◆ Directions
Beginning at the line that contains "Lotus Wrap Open", reproduce the entries below exactly, ending with the line that contains "- Dụng cụ như". Omit each picture.

◆ Records to process
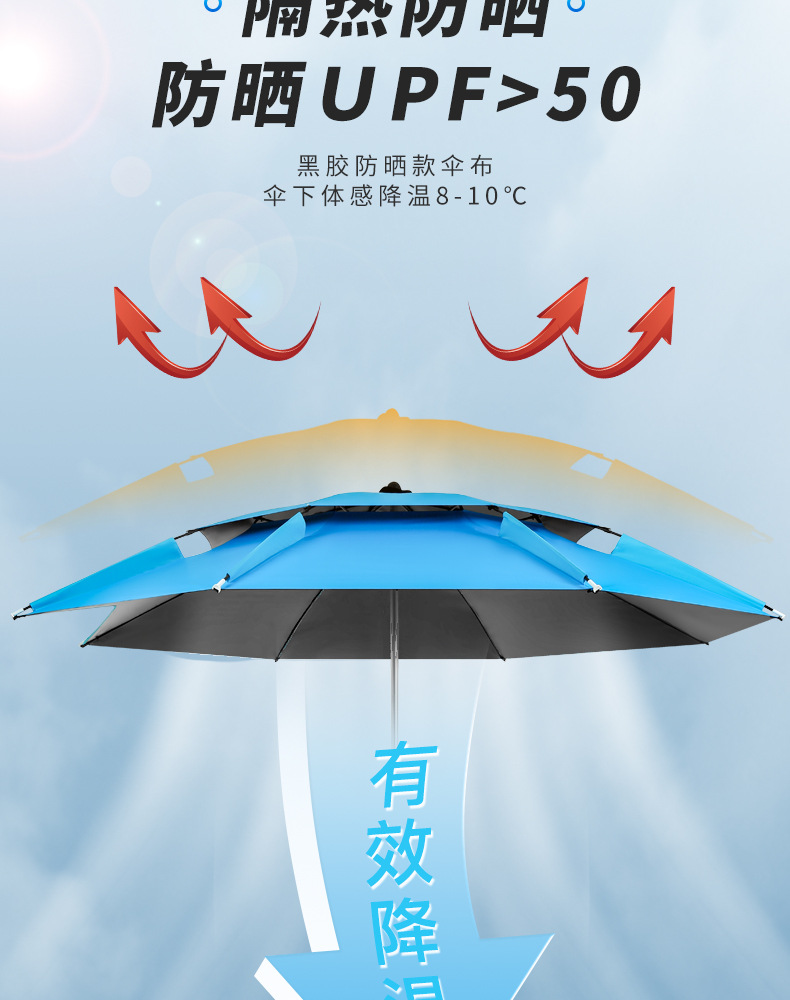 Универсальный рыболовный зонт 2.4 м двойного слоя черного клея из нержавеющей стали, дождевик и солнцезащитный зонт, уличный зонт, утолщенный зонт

---

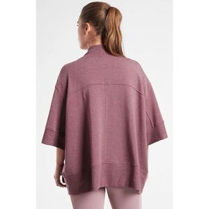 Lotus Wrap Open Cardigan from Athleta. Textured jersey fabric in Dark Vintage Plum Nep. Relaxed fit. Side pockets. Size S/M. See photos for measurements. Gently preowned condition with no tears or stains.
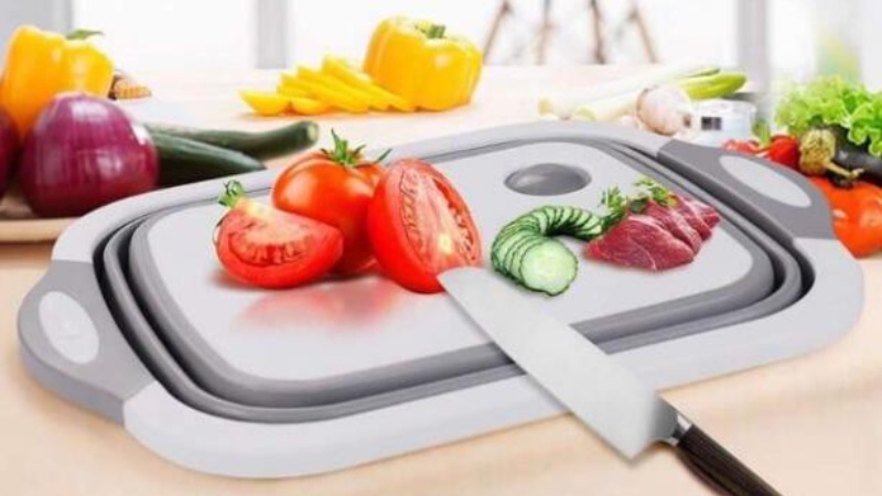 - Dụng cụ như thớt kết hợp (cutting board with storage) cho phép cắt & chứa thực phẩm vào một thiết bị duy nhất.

◆ Written reply
 Lotus Wrap Open Cardigan from Athleta. Textured jersey fabric in Dark Vintage Plum Nep. Relaxed fit. Side pockets. Size S/M. See photos for measurements. Gently preowned condition with no tears or stains.
 - Dụng cụ như thớt kết hợp (cutting board with storage) cho phép cắt & chứa thực phẩm vào một thiết bị duy nhất.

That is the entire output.